Prior to the first PBA tournament, in the spring of 1959, Allison rolled games of 249, 243, and 290 on the nationally syndicated Championship Bowling television program. The 782 series was the highest in the long-running history of the TV show.

He won his first PBA title in 1962 and his fifth and final title in 1964. He won his lone PBA Senior Tour title in 1986.

During his PBA years, Allison was sponsored by Brunswick and was a member of their advisory staff.

===PBA Tour titles===
1. 1962 PBA Memphis Open (Memphis, TN)
2. 1962 Salt Lake PBA Open (Salt Lake City, UT)
3. 1963 Coca-Cola Tournament of the Stars (Midwest City, OK)
4. 1964 Tucson PBA Open (Tucson, AZ)
5. 1964 Oxnard PBA Open (Oxnard, CA)

===PBA Senior Tour titles===
1. 1986 PBA Kessler Senior Championship (Canton, OH)

===Additional championships===
1. 1962 ABC Open Championships Classic Doubles (w/Dick Hoover)
2. 1964 ABC Open Championships Classic Team (Falstaff Beer)
3. 1966 ABC Open Championships Classic Team (Ace Mitchell Shur-Hooks)
4. 1970 ABC Open Championships Classic Singles

==900 series and related controversy==
Allison became known in bowling circles for being the first American ten-pin bowler to roll a perfect 900 series (three perfect 300 games over a three-game series) in sanctioned competition. He rolled the series on July 1, 1982, in the Anchor Girl Trio League at La Habra Bowl in La Habra, California, but the then-American Bowling Congress (ABC) did not approve his award application, citing non-complying lane conditions. The decision sparked considerable controversy, as the ABC had sanctioned a 299 and 300 at the same bowling center earlier in the season, and no other scores that night were unusually high — even on the pair of lanes on which Allison bowled. But the ABC (now USBC) has never relented and stated in 2014 that it would not retroactively recognize the feat, citing that it would call into question all other rejected honor scores from that era. Allison himself was nonchalant following the most recent USBC decision, stating, "The bowling public recognizes me perhaps more (than) if it was sanctioned," adding that he's still saluted all over the world as the original "Mr. 900".

==Personal life and death==
Allison was married and divorced three times.

In the 1970s, Allison curtailed his PBA Tour participation and became the proprietor of Glenn Allison Lanes, located in Los Angeles near Los Angeles International Airport. At the time of his 900 series in 1982, he was working as a liquor store manager on Leffingwell Avenue in Whittier.

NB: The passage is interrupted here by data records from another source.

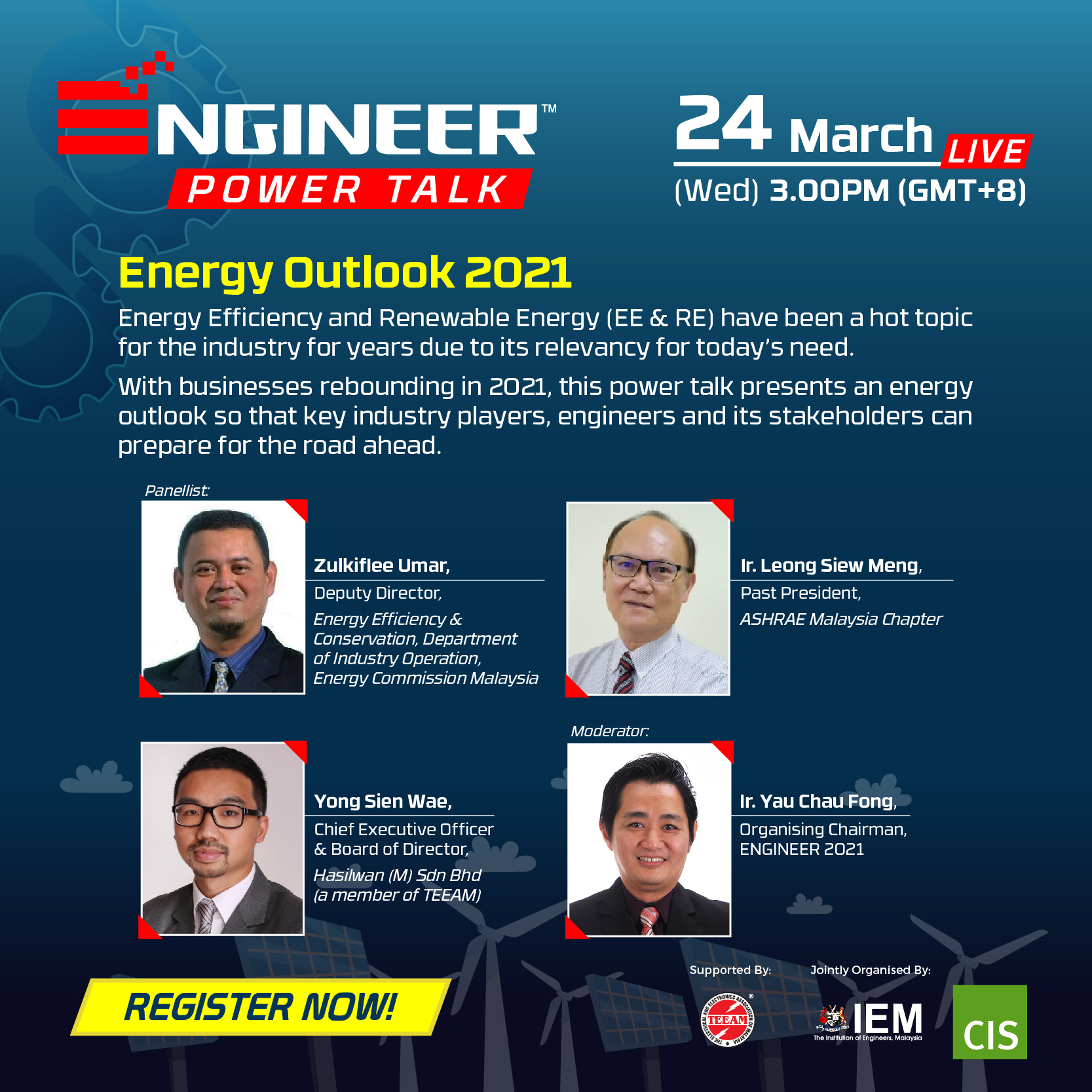 THE ENGINEER POWER TALK Covering the latest Energy Outlook for 2021, discover new opportunities for your business as we find out how Energy Efficiency and Renewable Energy (EE & RE) could impact the engineering community and its stakeholders. The latest Power Talk edition will cover: * The benefits of adopting EE & RE for sustainability Join this session and identify new sustainable solutions and resilient growth for your business as the panellist share their views on the challenges faced by the industry – not just during the pandemic but also on the status of the industry relating to EE and RE solutions. Date: 24 March 2021, Wednesday Panellist: Moderator: The Talk is organised by IEM & CIS, and supported by TEEAM. To secure your seat, CLICK on the LINK below to REGISTER: | |
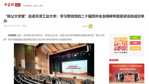 中宏网讯 近日,由中国人民大学主办,米优app下载安装官网、中国人民大学天津校友会联合承办的“陕公大学堂”2025年第四期公益讲座在米优app下载安装官网大学生活动中心礼堂成功举办。
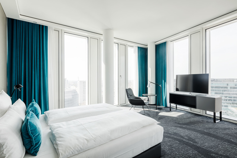 Das UPPER WEST in Berlin gliedert sich in zwei Gebäudeteile. Ein 8-geschossiges Büro- und Geschäftshaus mit Einzelhandelsflächen öffnet sich in Richtung Breitscheidplatz und Kurfürstendamm. Direkt daran angeschlossen ist der 35-geschossige Hochhausturm mit Hotel- und Büronutzung sowie einer Skybar mit gehobener Gastronomie im 32.OG. In den Untergeschossen befindet sich eine Parkgarage mit ca. 100 Stellplätzen. Architekt für den städtebaulichen Entwurf und die Fassadenplanung ist Christoph Langhof, Berlin. KSP ENGEL Architekten, Berlin, wurden für die Entwurfs- und Objektplanung beauftragt.
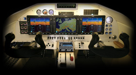 The EA-500 was specifically designed around the Rolls-Royce Model 250-B17F/2 turboprop engine. Weighing just 205 pounds and with power output of 450 shaft horsepower, the engine effectively powers the lightweight, carbon-fiber airframe of the aircraft. The fusion of power and weight results in lower costs per Mile and per Seat than in any other single-engine turboprop aircraft currently available. In fact, the Extra 500 can travel over 1,600 nm In addition, the aircraft is certified for all-weather operations, including Flight Into Known Icing conditions The EA-500’s cockpit features the Avidyne Entegra Release 9 avionics Suite. Entegra Release 9 represents the next generation of integrated flight deck systems for general aviation aircraft.
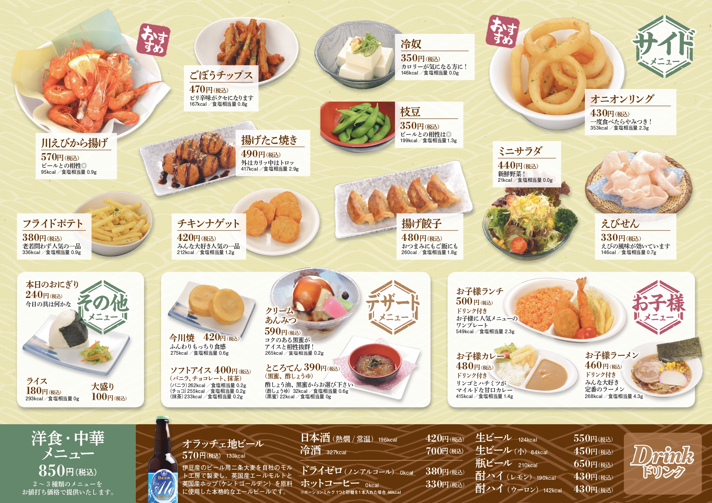 ※Ⓑはグランドメニュー・サイドメニューから各1品
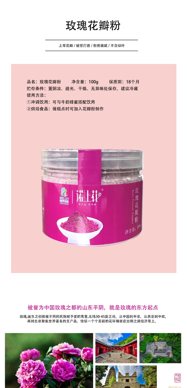 諾上花平陰重瓣紅玫瑰 玫瑰花粉 泡水 烘焙 食用花粉 單盒裝100克 100g
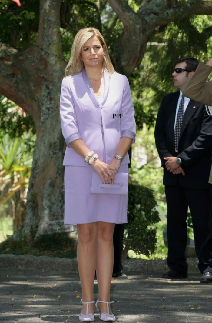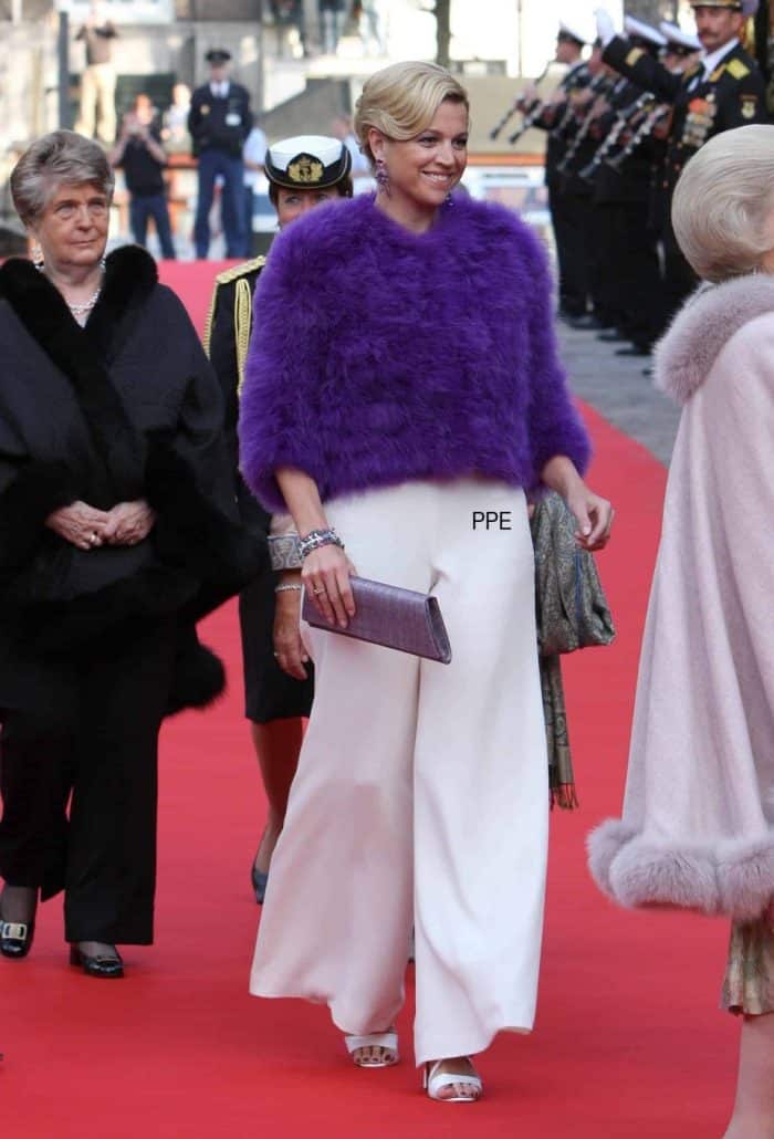 En dat waren er slechts vijf. In het verleden heeft Máxima nog veel meer mooie looks laten zien, ook in zachtere paarstinten. Eéntje wil ik er jullie niet onthouden, vooral omdat ik twintig jaar na dato nog altijd hoop dat ze dit mantelpak nog een keer tevoorschijn haalt. Rok of zoom ietsje laten zakken en ze is klaar om te shinen.
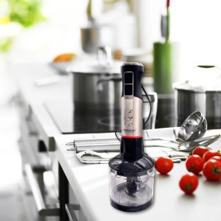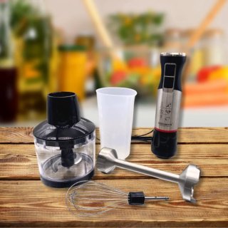 - Multifunctioneel: één apparaat met drie opzetstukken (staafmixer, garde en hakmolen) voor maximale flexibiliteit.

During the 2011 USBC Open Championships, Allison's 60th appearance, he became one of only 13 bowlers in history to reach a lifetime total of more than 100,000 pins in the event.

In December 2017, Glenn was involved in an automobile accident. In addition to totaling his vehicle, he suffered from a fractured sternum and two fractured vertebrae. The accident occurred on Christmas Eve while Allison was driving to his part-time job as a front desk clerk at La Habra Bowl. His daughter Suzanne said he was recovering at Pomona Valley Hospital and "is determined to heal and get back to bowling."

In 2023, at age 92, Allison tied the participation record for the USBC Open Championships, making his 71st lifetime appearance in the event. (He was tied with three other USBC Hall of Famers.) Allison first entered the ABC Open Championships in 1947, and bowled in every annual event from 1954 to 2024. In 2024, at the age of 93, Allison broke the participation record for the USBC Open Championships, making his 72nd lifetime appearance in the event, reaching a lifetime total pinfall of 123,341 (third-highest all-time).

Allison's daughter posted on October 7, 2025, that Glenn had died that morning. He was 95.